We've heard there's also nice mountain biking nearby, but we're so busy with the road-bicycling (and hiking and climbing), that we haven't had time to check it out.
Also well-located for putting bike on car and driving to other interesting riding: (a) near Auer - Neumarkt exit on the A22 super-highway; (b) near SS48 for going northeast into the "heart" of the Dolomite mountains.
We also like that Tramin is in the center of a region of great hiking and via ferrata climbs which we can drive to in all directions. And we enjoy that there's a mix of both German and Italian language in the region around Tramin.
It has at least one bicycling-oriented hotel: Hotel Arndt
north to Kaltern + Bozen
loop 45-50km, about 200-250 vertical meters of climbing from Tramin to Kaltern, and finishing with 50 vertical meters of climbing from the Adige bike path west up to Tramin.
extensions beyond Bozen:
?? Perhaps could do loop going north on Weinstrasse / Strada del Vino to Kaltern to near Mendel-standseilbahn base station, return to Tramin by higher road -- very steep descent.
Sharon + I had a great time doing this, and I rode the upper Val di Non part again a couple of years later and still thought it was very enjoyable + pretty.
(There might be other interesting + pretty ways down thru the Val di Non which do not go thru Cles.)
About +325m climb and 11km distance from Tramin to the Mendel-standseilbahn cablecar bottom station (elevation around 525m) in Kaltern / Caldaro. Latitude-longitude of bottom station of Mendel-standseilbahn is roughly around = 46.40807,11.23477 = N46.40807 E11.23477.
About +600m of climb and 74km distance from top station of cablecar at Mendel pass / Passo Mendola thru Cles and Mezzocorona back to Tramin.
Total climbing roughly +925 vertical meters (+3000 feet). Total riding distance around 85km (53 miles).

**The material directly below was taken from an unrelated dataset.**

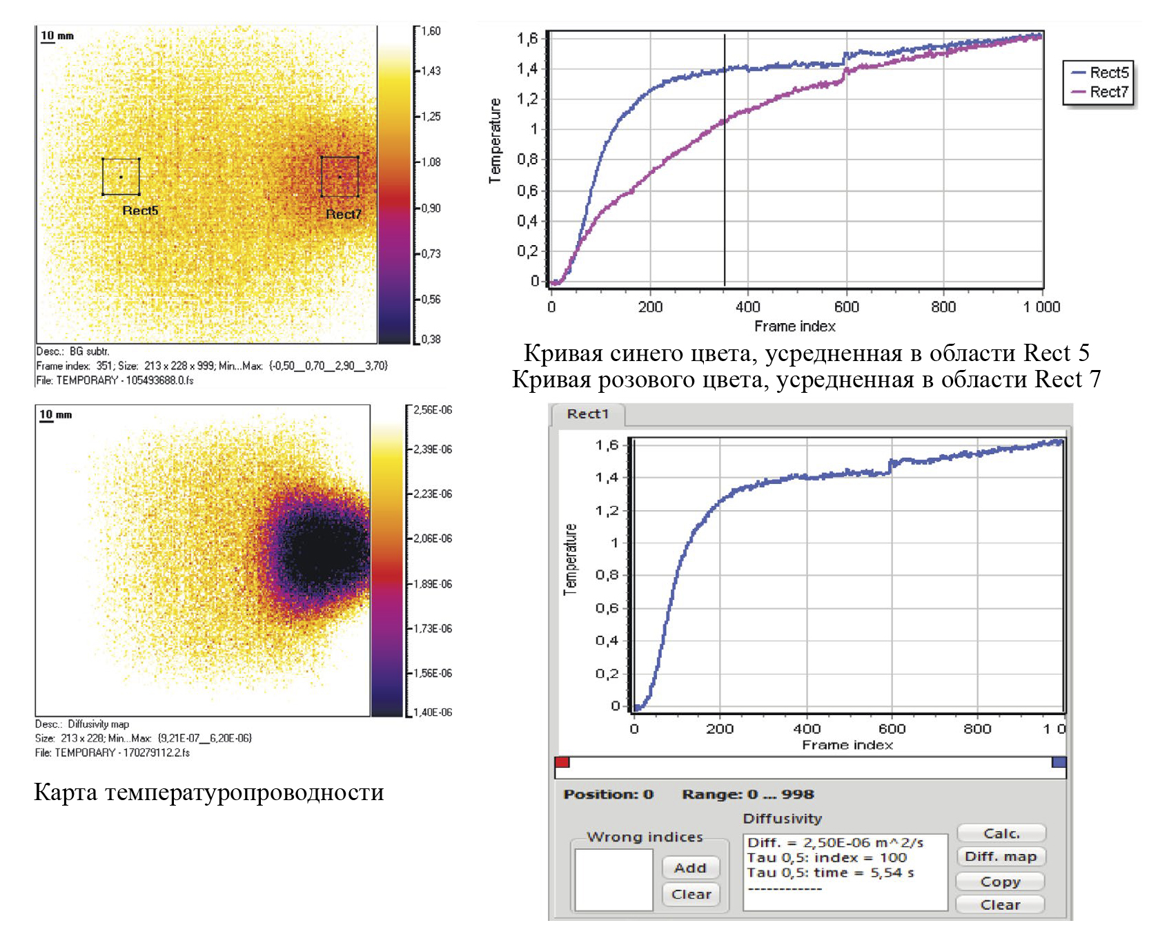В настоящей работе для повышения информативности и достоверности ТК помимо стандартного анализа исходных термограмм использовали построение карт температуропроводности в качестве специфического алгоритма обработки данных.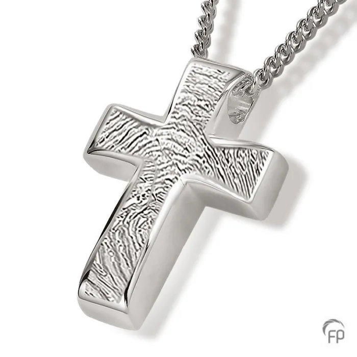 Cross Fingerprint Cremation Pendant with brushed finish and ash container for a symbolic amount of ashes. Necklace not included.

non-cheaters way into Val di Non is to climb up to the Mendelpass (elevation around 1363m) from Kaltern, which is not real steep, but long enough
it adds +850 vertical meters and 13 km to the riding, for a total loop of +1775 vertical meters (6000 feet) and 98 km (61 miles).
south to Lavis + Trento
Never checked taking the train back with a bike. Never checked riding the Adige bike path all the way to Trento -- but lots of people do it.
Roughly 45km (28 miles) to Trento, with very little climbing.

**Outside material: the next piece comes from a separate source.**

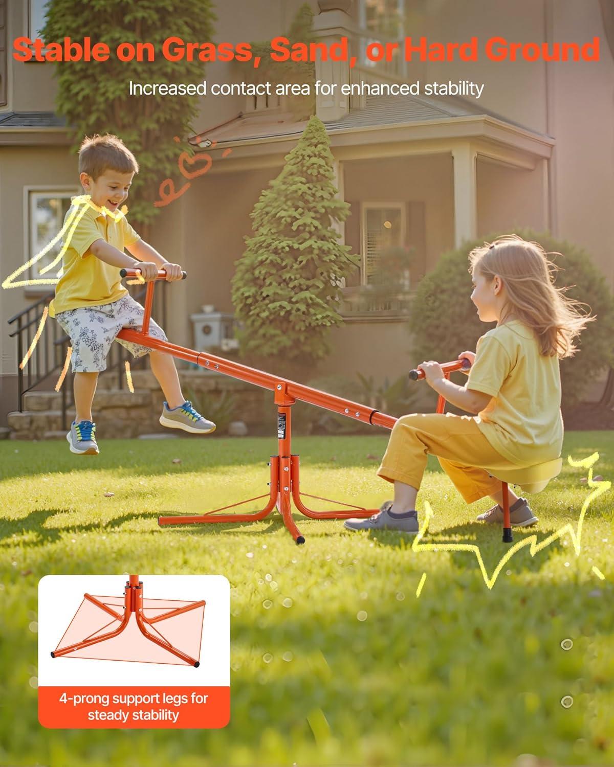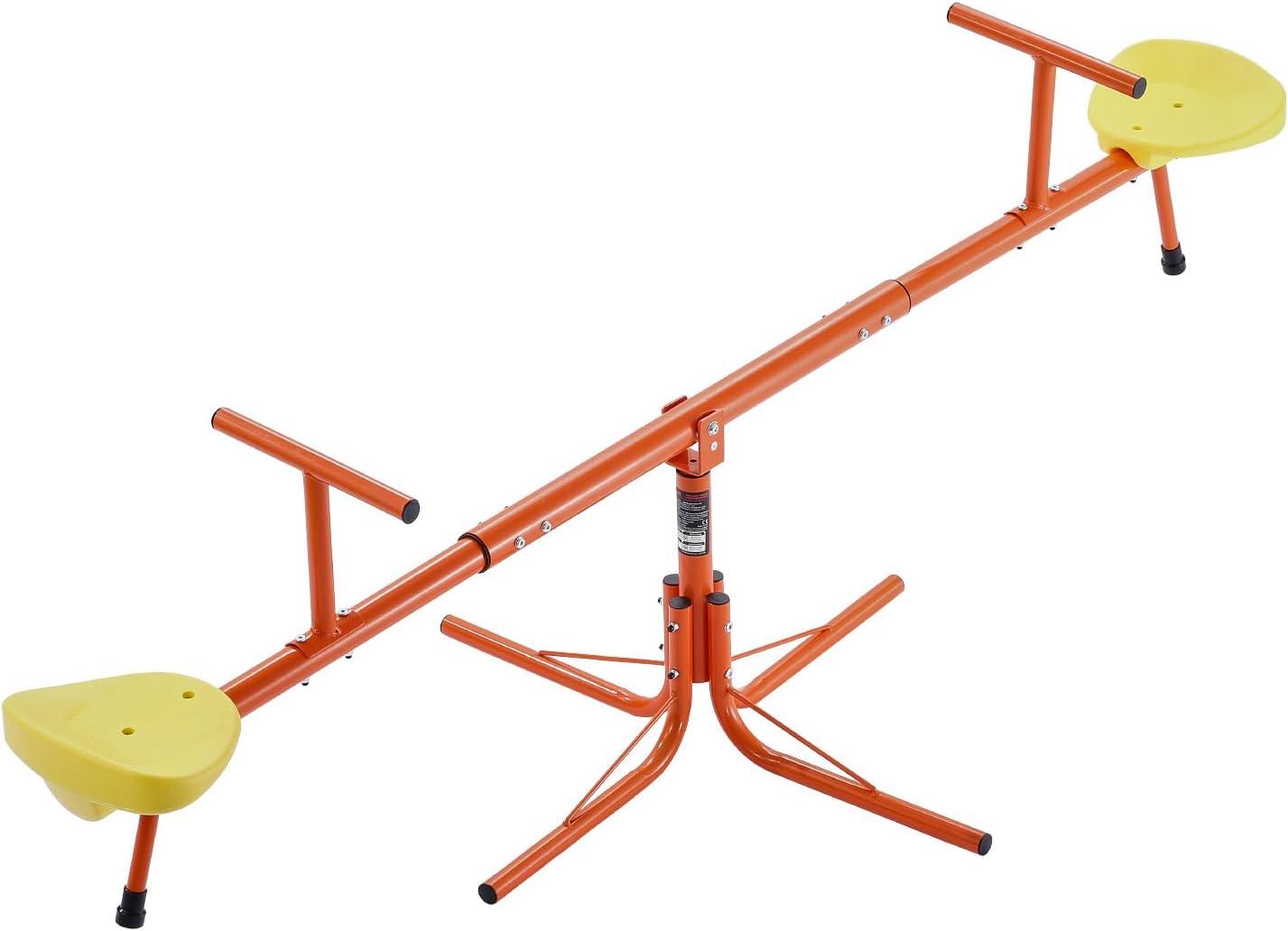 VEVOR Seesaw Teeter Totter for Kids Outdoor, 100 lbs Load Capacity per Seat, Sit and Spin Teeter Totter with 3-Prong Support Legs, Playground Equipment with Swiveling 360 Degrees Rotating for Aged 3+(Orange)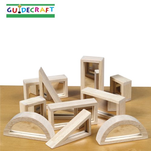 This set of ten mirror blocks feature hardwood frames with soft, rounded corners and Mylar mirrored double faced interiors. Little ones will spend hours building whatever their minds can imagine with this flashy mirror block set Features:Set of 10 blocksWood constructionVarious standard shapesMylar mirror interior

Roughly 35km on bike path to Lavis, then about 38km on road route back to Tramin, for a total of 73km (45 miles), with around +300 vertical meters (1000 feet) of climbing.

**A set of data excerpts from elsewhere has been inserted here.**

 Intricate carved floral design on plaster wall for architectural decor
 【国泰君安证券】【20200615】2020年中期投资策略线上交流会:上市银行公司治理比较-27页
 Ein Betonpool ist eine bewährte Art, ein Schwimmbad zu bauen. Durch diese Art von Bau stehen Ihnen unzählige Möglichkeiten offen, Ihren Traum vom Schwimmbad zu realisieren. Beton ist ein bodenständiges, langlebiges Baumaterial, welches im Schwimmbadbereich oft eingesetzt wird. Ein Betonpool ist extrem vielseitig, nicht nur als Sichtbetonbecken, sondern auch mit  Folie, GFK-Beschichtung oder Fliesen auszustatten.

Roughly 45 km on bike path to Trento, then about 46 km on road route back to Tramin, for a total of 91km (56.5 miles), with around +330 vertical meters (1100 feet) of climbing.
Roughly 21 km on bike path to Massetto near Mezzocorona, then 22 km on road route to Trento, then roughly 10km on bike path back north to Lavis, then 38km on road route back to Tramin. Total around 91km (56.5 miles), with around +840 vertical meters (2750 feet) of climbing, with sections rather steep, perhaps around 12-14% grade.
?? not checked: There might be some paved roads in the valley south from Tramin which would connect with the road route Mezzocorona - Lavis - Trento the hilly way east from Mezzocorona near Massetto, and perhaps a quieter road south from Massetto on the east of the river and the SS12 -- which would be some some ways to do more riding on roads and less on the Adige bike path.
We rode some other streets in 2009 from Trento to Gardolo, but they had more traffic than the ones used in the route Trento - Lavis - Mezzocorona - Tramin no bike path -- but it would be a way to avoid using the Adige bike path.
Val di Cembra
Leaves main Weinstrasse / Strada del Vino road around (N46.31113 E11.22304) -- but the climbing starts already a bit south on the main road around (N46.30167 E11.21747). High point of road around (N46.28338 E11.17275), but the sustained steep ends earlier. After that it continues down to Unterfennberg, but that didn't seem to add much that I could see (except some extra climbing to get back).
Total climbing from junction with main Weinstrasse road is about 842 vertical meters, or if include the low section on the Weinstrasse itself, about 915 meters (3000 ft). This includes a long steep section of about 693 vertical meters at around 8-10% grade (with some short steeper subsections).
Bottom San Michele all'Adige : (N46.19342 E11.13292) -> Faedo village : (N46.19257 E11.16078) -> thru Pineta to top : (N46.19874 E11.17234)
bottom : (N46.44286 E11.34364) -> key junction : (N46.47194 E11.36042) -> top : (N46.46453 E11.36595)
* Alte Jenesier Weg + Rafensteiner Weg under super steep
(see more climb challenges below under "drive car")
A ways higher up another section of the Alte Jenesier Weg leaves the main road around (N46.52705 E11.34091), turns right and includes a cobblestone section (N46.53497 E11.32999) thru the village of Jenesien (which I did not ride), then rejoins main road (N46.53824 E11.32941) and for more climbing.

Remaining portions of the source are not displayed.